The Adephaga (from Greek ἀδηφάγος, adephagos, "gluttonous") are a suborder of beetles, and with more than 40,000 recorded species in 10 families, the second-largest of the four beetle suborders. Members of this suborder are collectively known as adephagans. The largest family is Carabidae (ground beetles) which comprises most of the suborder with over 40,000 species. Adephaga also includes a variety of aquatic beetles, such as predaceous diving beetles and whirligig beetles.

==Anatomy==
Adephagans have simple antennae with no pectination or clubs. The galeae of the maxillae usually consist of two segments. Adult adephagans have visible notopleural sutures. The first visible abdominal sternum is completely separated by the hind coxae, which is one of the most easily recognizable traits of adephagans. Five segments are on each foot.

===Wings===
The transverse fold of the hind wing is near the wing tip. The median nervure ends at this fold, where it is joined by a cross nervure.

===Internal organs===
Adephagans have four Malpighian tubules. Unlike the genetical structures of other beetles, yolk chambers alternate with egg chambers in the ovarian tubes of adephagans. The coiled, tubular testes consist of a single follicle, and the ovaries are polytrophic.

==Chemical glands==
All families of adephagan have paired pygidial glands located posterodorsally in the abdomen, which are used for secreting chemicals. The glands consist of complex invaginations of the cuticle lined with epidermal cells contiguous with the integument. The glands have no connection with the rectum and open on the eighth abdominal tergum.

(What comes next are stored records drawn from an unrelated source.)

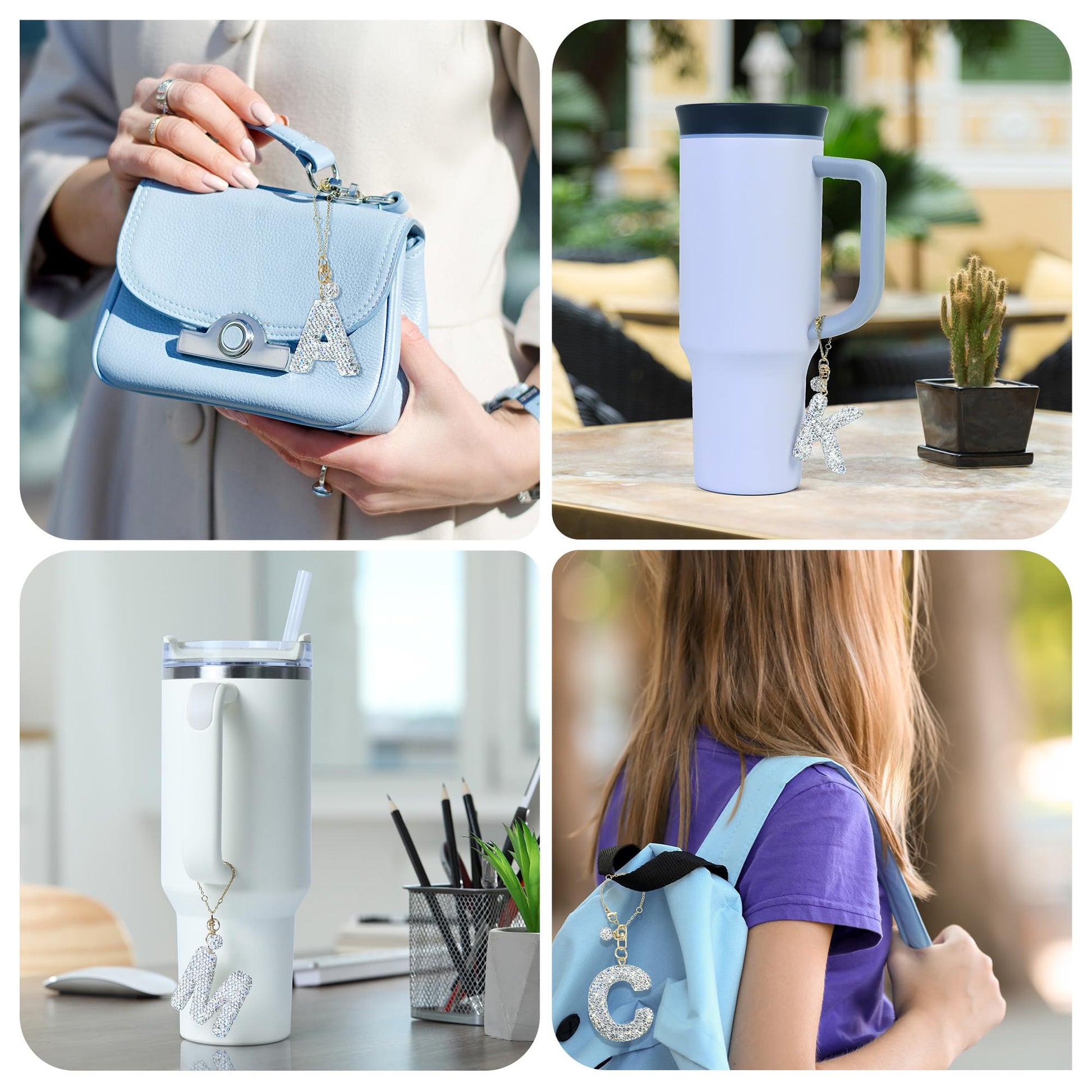 - ✨【Bling Letter】 Iridescence glittering initial letter design. The surface of each letter charms are designed with rhinestones, shining brightly, flip the charm can get a sparkling feeling under the light. A unique mark for your Stanley Cup and other water bottles/tumblers with handles.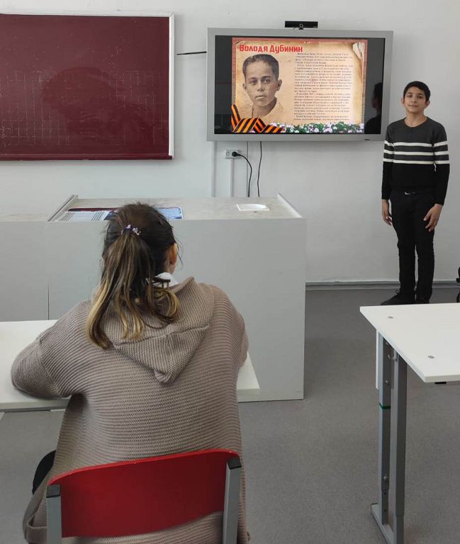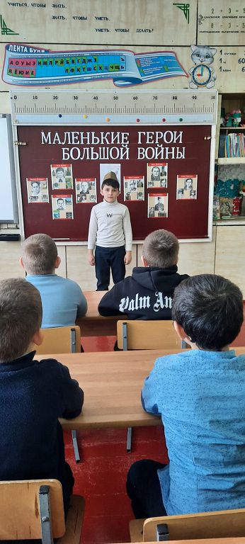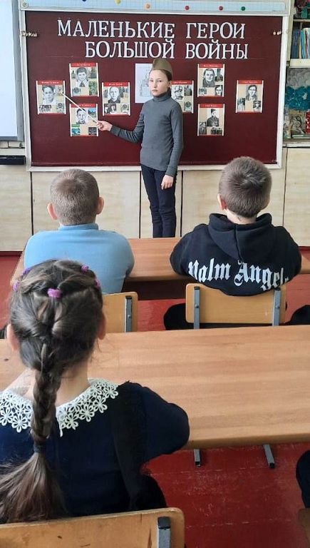 Ребята подготовили для одноклассников сообщения, стихи о мальчишках и девчонках, которые за подвиги, совершённые в годы Великой Отечественной войны, были удостоены самой высокой награды Родины - звания Героя Советского Союза.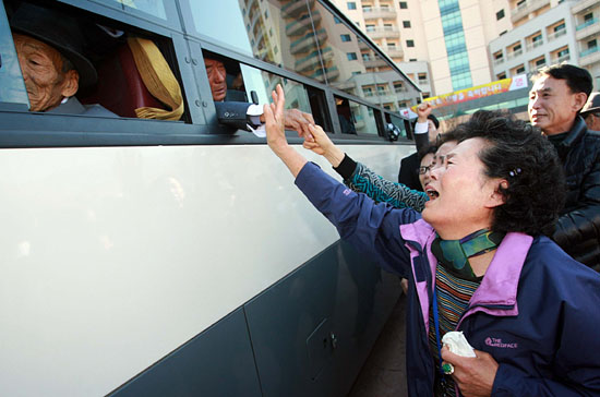 작별상봉 내내 북측 오빠 김진원(80)씨의 품에 안겨있던 남측 여동생 진녀(69)씨는 버스에 매달려 울부짖었다. 버스 창문 너머 오빠의 말은 들리지 않았다. 창문은 이내 습기에 차 오빠 얼굴이 뿌옇게 흐려졌고 창문에는 손바닥 자국만 덕지덕지 남겨졌다. 분단의 벽과 같은 창문을 사이에 두고 두 남매는 손을 맞댔다. 진녀씨는 "문도 못 열게 하느냐"며 통곡했고, 버스에 시동이 걸리고 나서야 창문이 열렸다. 버스가 움직이기 시작할 때까지 작은 창문을 통해 맞잡은 남매의 손은 떨어지지 않았다.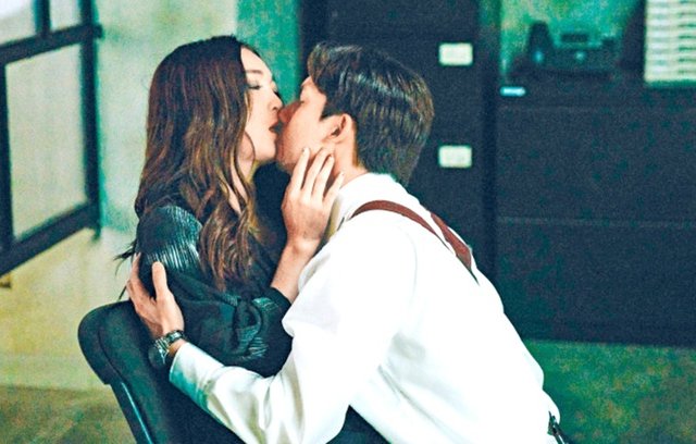 Diễn viên Hong Kong Ôn Bích Hà đóng cảnh yêu đương với Quan Trí Bân, tài tử kém cô 14 tuổi, trong "Đọa lạc hoa".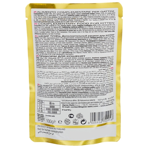 Корм для котят Schesir беззерновой, с тунцом 20шт. х 100 г (кусочки в желе)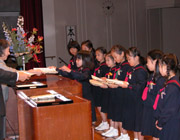 11月の誕生者をお祝いした後、学園祭プログラム表紙絵の入賞者の表彰式を行いました。小学校・中学校・高等学校から応募された52作品の中で、最優秀賞も含め10名が入賞しました。 |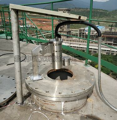 工作时,探头不穿过炉墙,一般探入炉墙的深度不超过100mm,通过墙体上由外墙向炉内开喇叭口观察高温窑炉内部状况。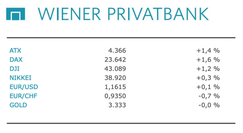 Aus den Morning News der Wiener Privatbank: Der Wiener Aktienmarkt hat gestern Dienstag den Handel mit klaren Kursgewinnen beendet. Der Leitindex ATX stieg um 1,37 Prozent auf 4.365,51 Punkte. Der ATX Prime schloss 1,38 Prozent höher bei 2.189,42 Zählern. Auch das europäische Umfeld zeigte sich einheitlich stark. Zudem tendierten die US-Aktienmärkte freundlich. Die Waffenruhe zwischen dem Iran und Israel steht weiterhin im Fokus. Zwar gab es von den Kriegsparteien gegenseitige Vorwürfe, dass die Waffenruhe verletzt worden sei. Laut dem US-Präsidenten Donald Trump ist sie aber weiter in Kraft. Ein Einbruch der Ölpreise auf das Vorkriegsniveau wurde von einem Marktbeobachter als Ausdruck großer Erleichterung bei den Anlegern gewertet. Ölaktien zählten allerdings angesichts der deutlichen Ölpreisrückgänge europaweit zu den größeren Verlierern.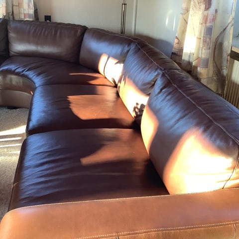 Stor lædersofa hvor der er plads til familien , 7 personer minimum ,farve sort ,sidde højde er 40cm ,længde 350cm ,bredde 210cm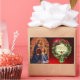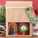 Elegantes, künstlerisches und klassisches Design aus Vintagem Gemälde mit einer blumengeschmückten Weihnachtskrone mit rotem Band, Mistelen und hellen 3D Edelsteinen. Italienisches Meisterwerk aus dem späten Mittelalter aus Beato Angelico , Florenz - Italien

Secretions pass from the secretory lobes, which are aggregations of secretory cells, through a tube to a reservoir lined with muscles. This reservoir then narrows to a tube leading to an opening valve. The secretory lobes differ structurally from one taxon to another; it may be elongated or oval, branched basally or apically, or unbranched.

==Delivery of glandular compounds==
Secretion can occur in multiple manners:
- Oozing: if the gland is not muscle-lined, the discharge is limited in amount.
- Spraying: if the gland is muscle-lined, which is typically the case of carabids, the substances are ejected more or less forcefully.
- Crepitation: boiling noxious chemical spray ejected with a popping sound. Crepitation is only associated with the Brachininae carabids and several related species. See bombardier beetle for a detailed description.

The secretions differ in the chemical constituents, according to the taxa. Gyrinids, for instance, secrete norsesquiterpenes such as gyrinidal, gyrinidione, or gyrinidone. Dytiscids discharge aromatic aldehydes, esters, and acids, especially benzoic acid. Carabids typically produce carboxylic acids, particularly formic acid, methacrylic acid, and tiglic acid, but also aliphatic ketones, saturated esters, phenols, aromatic aldehydes, and quinones.

Accessory glands or modified structures are present in some taxa: the Dytiscidae and Hygrobiidae also possess paired prothoracic glands secreting steroids; and the Gyrinidae are unique in the extended shape of the external opening of the pygidial gland.

The function of many compounds remain unknown, yet several hypotheses have been advanced:
- As toxins or deterrent against predators; some compounds indirectly play this role by easing the penetration of the deterrent into the predator's integument.
- Antimicrobial and antifungal agents (especially in Hydradephaga)
- A means to increase wettability of the integument (especially in Hydradephaga)
- Alarm pheromones (especially in Gyrinidae)
- Propellant on water surfaces (especially in Gyrinidae)
- Conditioning plant tissues associated with oviposition

==Distribution and habitat==
Habitats range from caves to rainforest canopy and alpine habitats. The body forms of some are structurally modified for adaptation to habitats: members of the family Gyrinidae live at the air-water interface, Rhysodinae live in heartwood, and Paussinae carabids inhabit ant nests.

==Feeding==
Most species are predators. Other less-typical forms of feeding include: eating algae (family Haliplidae), seed-feeding (harpaline carabids), fungus-feeding (rhysodine carabids), and snail-feeding (licinine and cychrine carabids). Some species are ectoparasitoids of insects (brachinine and lebiine carabids) or of millipedes (peleciine carabids).

==Reproduction and larval stage==
Some species are ovoviviparous, such as pseudomorphine carabids.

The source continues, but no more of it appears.